Data for this task:
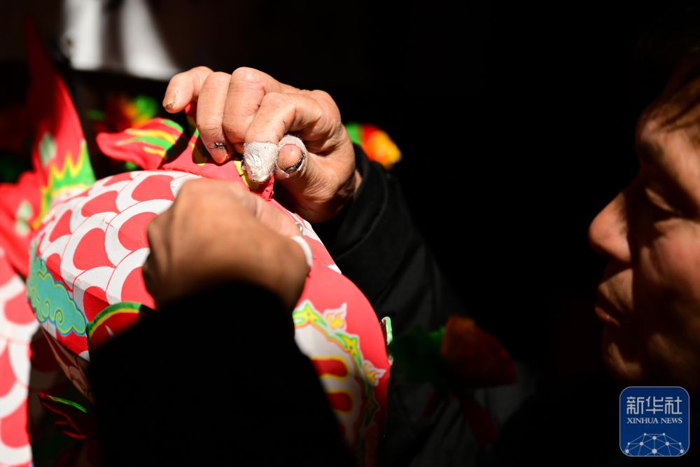 1月29日,瞻淇村的县级非遗项目瞻淇鱼灯代表性传承人汪卓荤在制作鱼灯。
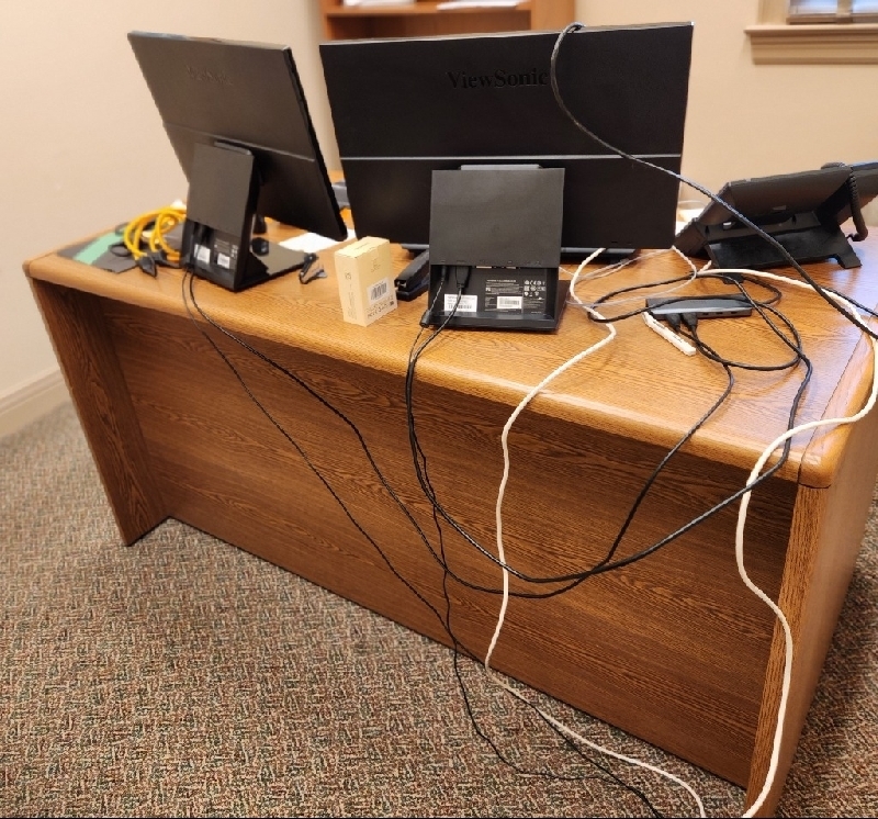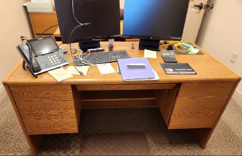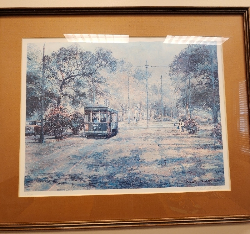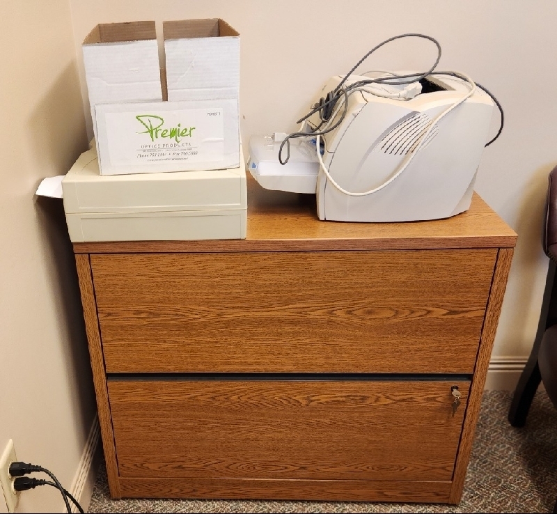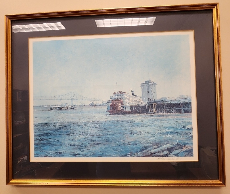 HON "Honey Oak" 6 drawer locking desk, 2 drawer locking lateral filing cabinet & bookcase and 3 framed set, signed & numbered 68/900 Robert Rucker art prints of New Orleans. All in excellent condition. 225-335-6735
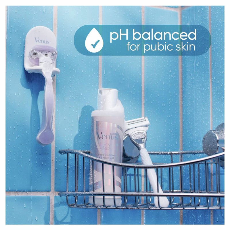Gillette Venus For Pubic Hair And Skin Womens Shaving Kit, Bikini Razors for Women, 1 Venus Handle, 2 Razor Blade Refills, 2 in 1 Cleanser And Shave Gel, Daily Soothing Serum For Intimate Grooming
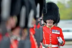 The British Army's Guards Division continue to wear the bearskin cap with its full dress uniform, a custom associated with the Grenadier Guards defeat of the French Imperial Guard in 1815.
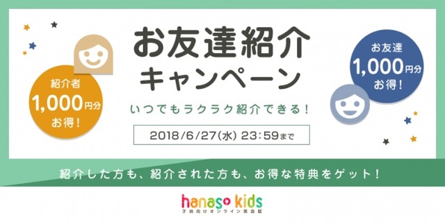 株式会社アンフープ(所在地:静岡県富士市、代表取締役社長:重森 渉)がサイト運営する、無料通話ソフトSkype(スカイプ)を利用したオンライン英会話スクール「hanaso kids」では、2018年4月3日(火)~6月27日(水)に「お友達紹介キャンペーン」を実施いたします。
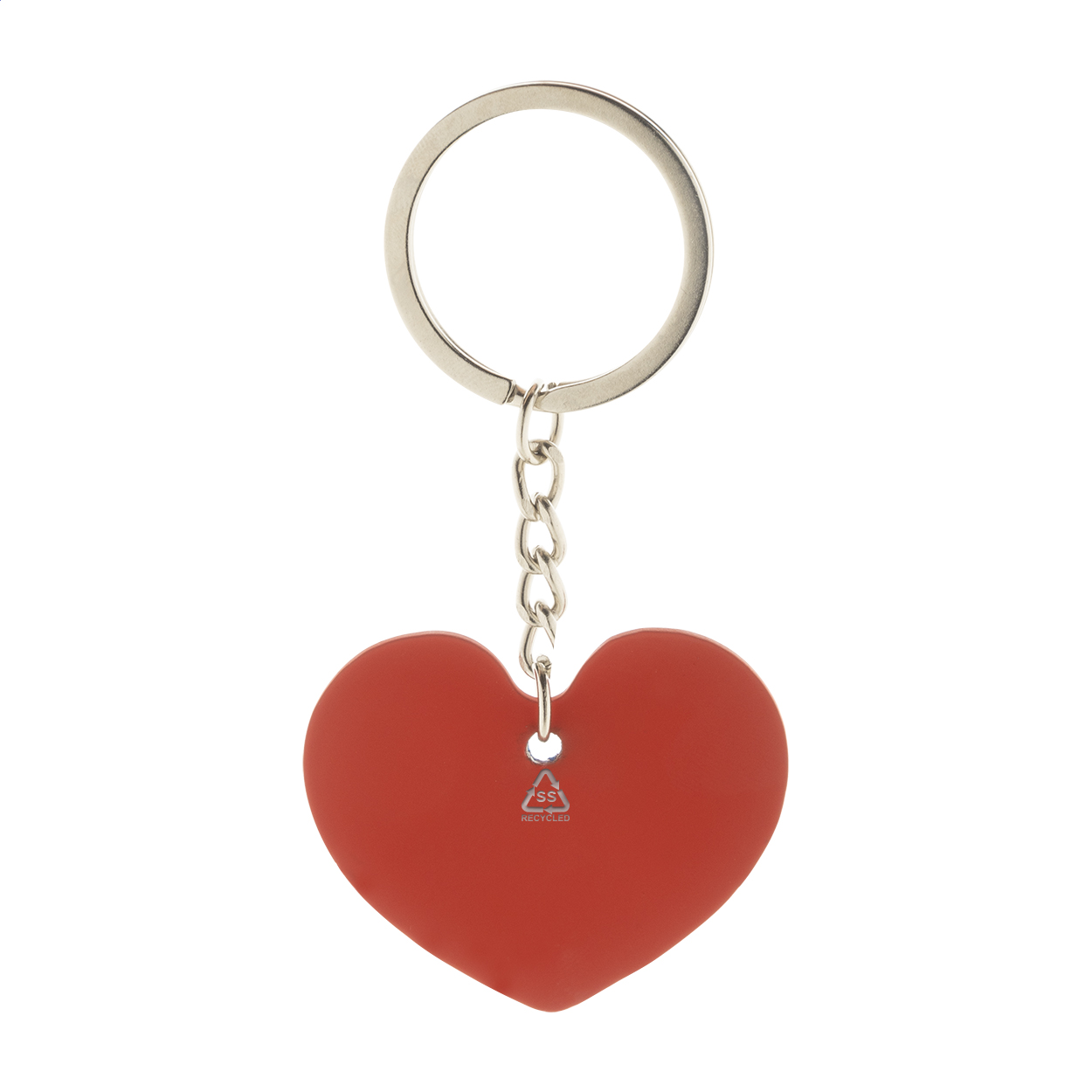 Portachiavi in acciaio riciclato a forma di cuore con finitura gommata. Trattamento speciale che permette l'incisione laser a specchio.
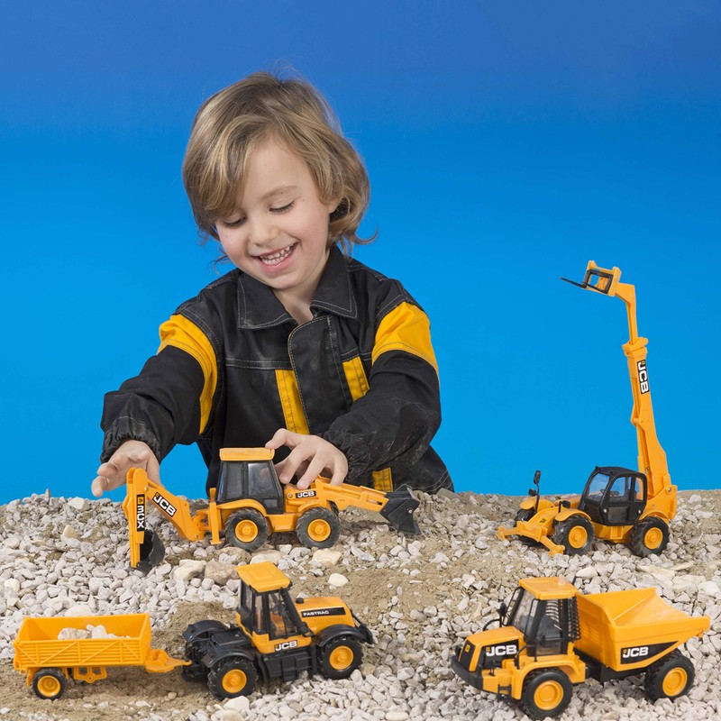 - HOURS OF CONSTRUCTION FUN - Scale replica JCB vehicle with die-cast parts. There are 5 different vehicles to collect! Backhoe Loader, Dumptruck, Fastrac & Trailer and Loadall! Children will love this JCB vehicle and can spend hours having fun playing with them.
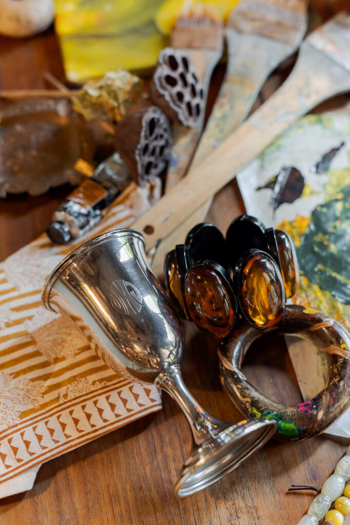 Costume jewelry strewn throughout presents a variety of interesting and smooth materials: amber bakelite, horn, jade and coconut shells. The burlwood bowls are beautiful and earthy. A Native American figurehead, centered on a bronze ashtray, hints at that first Thanksgiving table. The antique copperware dates back to 1880, sourced from England. Meanwhile, the Frankoma Pottery was sourced a little closer to home: Frankoma Pottery is a beloved homegrown company, founded in 1933 by artist John Frank in Norman, Oklahoma.
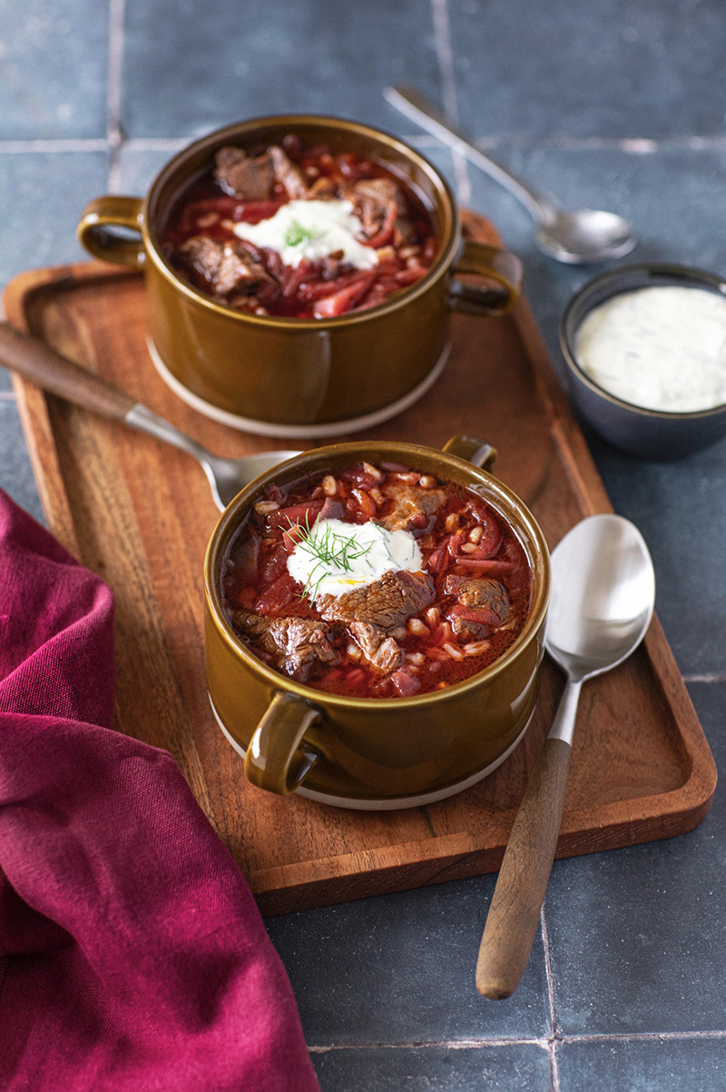 Servir le bortsch dans des bols ou des assiettes creuses, garni d’un peu de crème aigre.
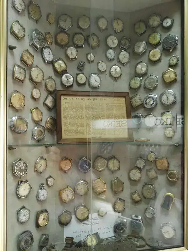 Creo que ese buen hombre es consciente de que tiene un pequeño capital parado y el razonable interés por lucrar no lo lleva a eliminarlos utilizando esa vitrina para exponer modernos cuarzos que, seguro, vendería en muy poco tiempo con lo que el giro de ese capital sería sumamente beneficioso para su bolsillo.

Task objective: Please give back an exact copy of the entries above from their first line through the line containing "The British Army's", leaving the pictures aside.

Result of the task:
 1月29日,瞻淇村的县级非遗项目瞻淇鱼灯代表性传承人汪卓荤在制作鱼灯。
 HON "Honey Oak" 6 drawer locking desk, 2 drawer locking lateral filing cabinet & bookcase and 3 framed set, signed & numbered 68/900 Robert Rucker art prints of New Orleans. All in excellent condition. 225-335-6735
Gillette Venus For Pubic Hair And Skin Womens Shaving Kit, Bikini Razors for Women, 1 Venus Handle, 2 Razor Blade Refills, 2 in 1 Cleanser And Shave Gel, Daily Soothing Serum For Intimate Grooming
 The British Army's Guards Division continue to wear the bearskin cap with its full dress uniform, a custom associated with the Grenadier Guards defeat of the French Imperial Guard in 1815.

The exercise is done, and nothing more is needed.